To get the bot token:
- send a message to @BotFather of /newbot
- submit a name, e.g. soba-notifier
- submit a username for the bot
- record bot token

To get the chat id:
- add the bot user to the group (get group info and click Add)
- run command:`curl -s -X POST https://api.telegram.org/bot/getUpdates`
- record the chat id in the response

### Slack
*(since release 1.2.16)*
To send a Slack message on completion, set the environment variables:
`SLACK_CHANNEL_ID` with the channel id
`SLACK_API_TOKEN` with the token for the Slack app
For example:
`$ export SLACK_CHANNEL_ID=C12345678`
`$ export SLACK_API_TOKEN=xoxb-***********-************-************************`

#### note
- channel id can be in `About` section at bottom of the channel details
- the app needs to be added under `Apps` in the `Integrations` section of channel details
- use the token starting with `xoxb-` and not the one starting with `xoxp-`

### webhooks
*(since release 1.2.8)*
To send a webhook on completion of a run: set the environment variable `SOBA_WEBHOOK_URL` with the url of the endpoint.
For example:
`$ export SOBA_WEBHOOK_URL=https://api.example.com/webhook`

#### webhook payload
The payload is a JSON document containing details of the backup run. The default format lists each repository and the success or failure of its backup. You can see an example [here](examples/webhook.json).
For a shorter format, with just stats on the success and failure counts, use the environment variable `SOBA_WEBHOOK_FORMAT`.
For example:
`$ export SOBA_WEBHOOK_FORMAT=short`
You can see a sample [here](examples/webhook-short.json).
*The default format (if not specified) is `long`*

> NOTE: The long format webhook will contain a list of your repos and, if there's an error, may contain other details including URLs. Please keep this in mind when sending to endpoints that may be insecure.

### ntfy
*(since release 1.2.10)*
ntfy is a popular service that enables push notifications for desktop and mobile apps.
To send a message on completion of a run: set the environment variable `SOBA_NTFY_URL` with the url of the endpoint.
For example:
`$ export SOBA_NTFY_URL=https://ntfy.sh/example-topic`

## logging

### persistence

Messages are written to stdout and can be persisted by directing to a file, e.g.
`soba > soba.log`

#### logging to /var/log/soba

create a user called soba:
`sudo adduser soba`
create a log directory:
`sudo mkdir /var/log/soba`
set user permissions:
`sudo chown soba /var/log/soba && sudo chmod 700 /var/log/soba`
switch to soba user:
`sudo su - soba`
run soba and direct output:
`soba > /var/log/soba/soba.log`

### rotation

[Logrotate](https://linux.die.net/man/8/logrotate) is a utility that comes with most Linux distributions and removes and/or compresses messages older than a certain number of hours or days.
This example assumes you persist the log file to /var/log/soba/soba.log
create a file in /etc/logrotate.d/soba with the following content:

/var/log/soba/soba.log {
rotate 7 # remove backups older than seven days
daily # process log file each day
compress # compress the backup
copytruncate # don't delete the file after backup, but instread truncate
}

Each day, this copy the latest logs to a new file that is then compressed. The existing log file is then truncated. Any backups older than seven days are then removed.

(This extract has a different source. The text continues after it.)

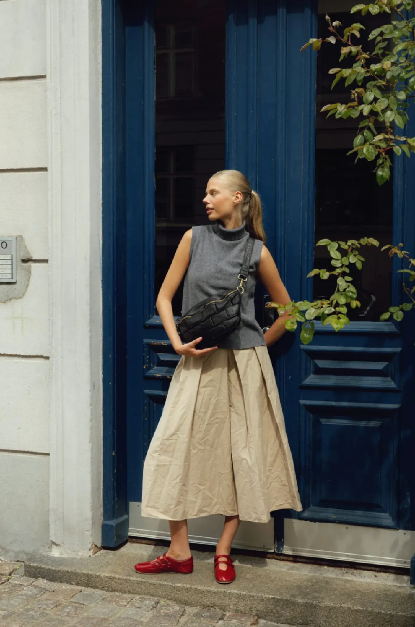 Den har en justerbar, aftagelig crossbody-rem, så du kan bære den på din måde eller som en clutch. Indeni finder du et rummeligt hovedrum – ideelt til at holde styr på alle dine vigtigste ting, uanset om du er på farten eller skal ud til en særlig lejlighed.
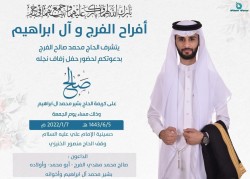 تحتفل عائلة الفرج وآل ابراهيم في العوامية مساء يوم الجمعة بزفاف الشاب صالح محمد صالح مهدي الفرج على كريمة الحاج بشير محمد آل ابراهيم في حسينية الإمام علي وقف الحاج منصور الخنيزي وسط فرحة الأهل والأصدقاء ومحبي العريسين. وعبر العريس عن سعادته الغامرة بدخوله القفص الذهبي، سائلا الله أن يوفقه وعروسه ويرزقهما الذرية الصالحة. أسرة ”جهينة الإخبارية“ تهنئ العريسين وعائلتيهما وتسأل الله ان يبارك لهما، متمنين لهما حياة سعيدة ‏ ...

### keep running after reboot

In case the computer is rebooted or the process ends for another reason, you can ensure it automatically restarts with a simple script and cron job.

#### script

For example:

#!/bin/bash -e
export GIT_BACKUP_DIR=/backup-dir
export GITHUB_TOKEN=xxxxxxx # avoid hard-coding if possible
export GITHUB_BACKUPS=7
export GIT_BACKUP_INTERVAL=12
export GITHUB_COMPARE=refs
/usr/local/bin/soba

#### cron job

ensure the user running soba has an entry in `/etc/cron.allow`.

run `crontab -e`

add the following (assuming you have a user called soba with a script to run it called backup in their home directory):
`* * * * * /usr/bin/flock -n /tmp/soba.lockfile /home/soba/backup >> /var/log/soba/soba.log 2>&1`

note: A useful tool for testing cron jobs is [crontab guru](https://crontab.guru/).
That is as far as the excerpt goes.